## What needs to be done
Extract the line that contains "Yacht Club PL." and every line after it through the end of the records below, exactly as written, leaving out any pictures.

━━━ Material to process ━━━

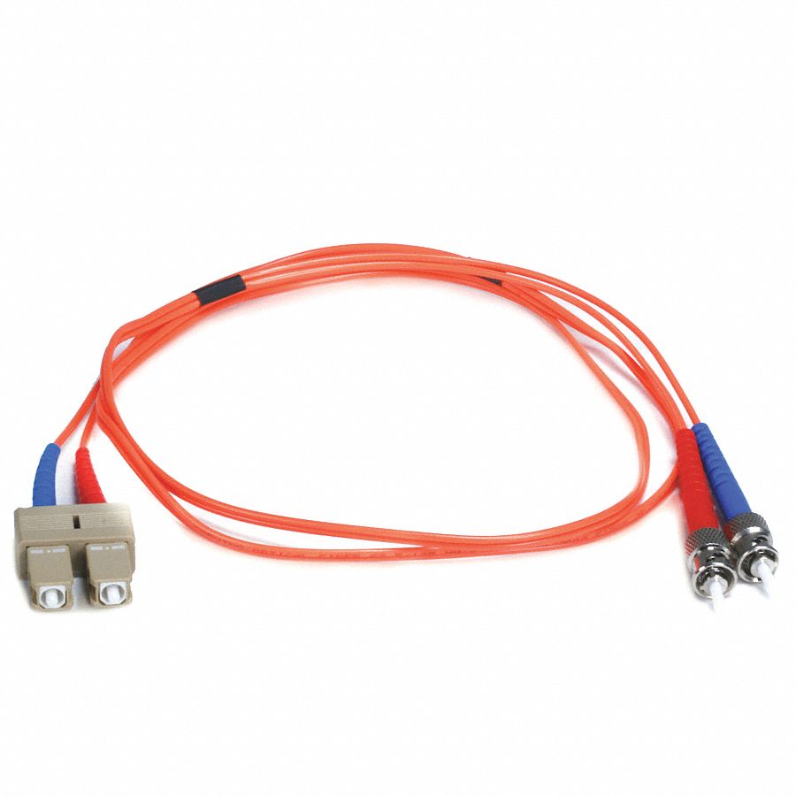 Fiber Optic Patch Cord, Mode Multi-Mode, End 1 Connection Type SC, End 2 Connection Type ST, Jacket Color Orange, Overall Length 1 m, Jacket Material PVC, Cable Diameter 2 mm, Clad Dimension 125 micron, Core Diameter 62.5 micron, Fiber Count 2, Number of Fibers Duplex, Fire Rating Riser, Attenuation Less Than or Equal To 0.30 dB, Bandwidth 10 GBps, NEC Article and Type OFNR, Standards UL Listed
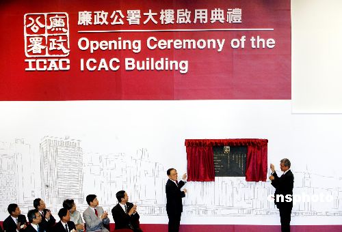 香港廉政公署新大樓十二月八日揭幕,中國最高人民檢察院檢察長賈春旺和行政長官曾蔭權出席開幕典禮。曾蔭權在開幕禮時表示,廉署成立30多年來,都致力維持本港重要核心價值,對貪污作出“零”容忍。他相信,廉署人員會繼續無畏和不偏不依,為香港服務。曾蔭權與廉署專員湯顯明主持揭幕禮。 中新社發 王麗南 攝
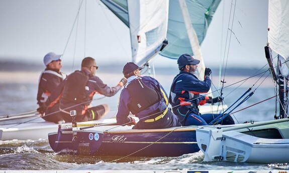 – Wszystkie załogi startują jednocześnie z linii startu wyznaczonej statkiem komisji sędziowskiej oraz boją zwaną „pinem”. Linia startu powinna być wyznaczona prostopadle do kierunku wiatru. Następnie zawodnicy mają za zadanie wykonać dwa lub trzy okrążenia wokół boi ustawionych na akwenie regatowym. Trzeba żeglować pod wiatr w kierunku „górnej boi” i z wiatrem w kierunku „dolnej boi”. Dany wyścig wygrywa ta załoga, która przekroczy linię mety jako pierwsza. Nad prawidłowym przebiegiem wyścigu czuwa komisja sędziowska znajdująca się na statku przy linii startu – tak przebieg zawodów opisuje Łukasz Wójcik z Yacht Club PL.
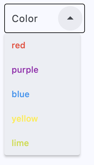 focused_bgcolorBackground color of dropdown in focused state. Will not be visible if filled=False.
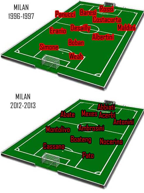 MILAN – Sono delusi i tifosi del Milan dopo la doppia partenza shock di Ibrahimovic e Thiago Silva, che si aggiunge ai vari addii dei senatori, oltre che per via di un futuro che si preannuncia di magra. Soldi non ce ne sono e in via Turati si sta cercando qualche occasione low cost con la speranza di un colpo di fino agosto. Fino ad oggi però è un mercato davvero scarno dei vice campioni d’Italia. Fra i supporters più drastici c’è chi pensa che la squadra che l’anno prossimo scenderà in campo sia una delle peggiori, se non quella peggiore in assoluto, dell’era Berlusconi. La redazione di Milanlive.it ha voluto realizzare una sorta di gioco, mettendo in contrapposizione quello che, numeri alla mano, è la squadra peggiore da 26 anni a questa parte, quella targata 1996-1997, che concluse il campionato con un eloquente 11esimo posto, appunto al Milan 2012-2013. Naturalmente siamo al 20 luglio e alla fine del mercato mancano ancora 40 giorni e tutto può succedere…

━━━

## Written answer
 – Wszystkie załogi startują jednocześnie z linii startu wyznaczonej statkiem komisji sędziowskiej oraz boją zwaną „pinem”. Linia startu powinna być wyznaczona prostopadle do kierunku wiatru. Następnie zawodnicy mają za zadanie wykonać dwa lub trzy okrążenia wokół boi ustawionych na akwenie regatowym. Trzeba żeglować pod wiatr w kierunku „górnej boi” i z wiatrem w kierunku „dolnej boi”. Dany wyścig wygrywa ta załoga, która przekroczy linię mety jako pierwsza. Nad prawidłowym przebiegiem wyścigu czuwa komisja sędziowska znajdująca się na statku przy linii startu – tak przebieg zawodów opisuje Łukasz Wójcik z Yacht Club PL.
 focused_bgcolorBackground color of dropdown in focused state. Will not be visible if filled=False.
 MILAN – Sono delusi i tifosi del Milan dopo la doppia partenza shock di Ibrahimovic e Thiago Silva, che si aggiunge ai vari addii dei senatori, oltre che per via di un futuro che si preannuncia di magra. Soldi non ce ne sono e in via Turati si sta cercando qualche occasione low cost con la speranza di un colpo di fino agosto. Fino ad oggi però è un mercato davvero scarno dei vice campioni d’Italia. Fra i supporters più drastici c’è chi pensa che la squadra che l’anno prossimo scenderà in campo sia una delle peggiori, se non quella peggiore in assoluto, dell’era Berlusconi. La redazione di Milanlive.it ha voluto realizzare una sorta di gioco, mettendo in contrapposizione quello che, numeri alla mano, è la squadra peggiore da 26 anni a questa parte, quella targata 1996-1997, che concluse il campionato con un eloquente 11esimo posto, appunto al Milan 2012-2013. Naturalmente siamo al 20 luglio e alla fine del mercato mancano ancora 40 giorni e tutto può succedere…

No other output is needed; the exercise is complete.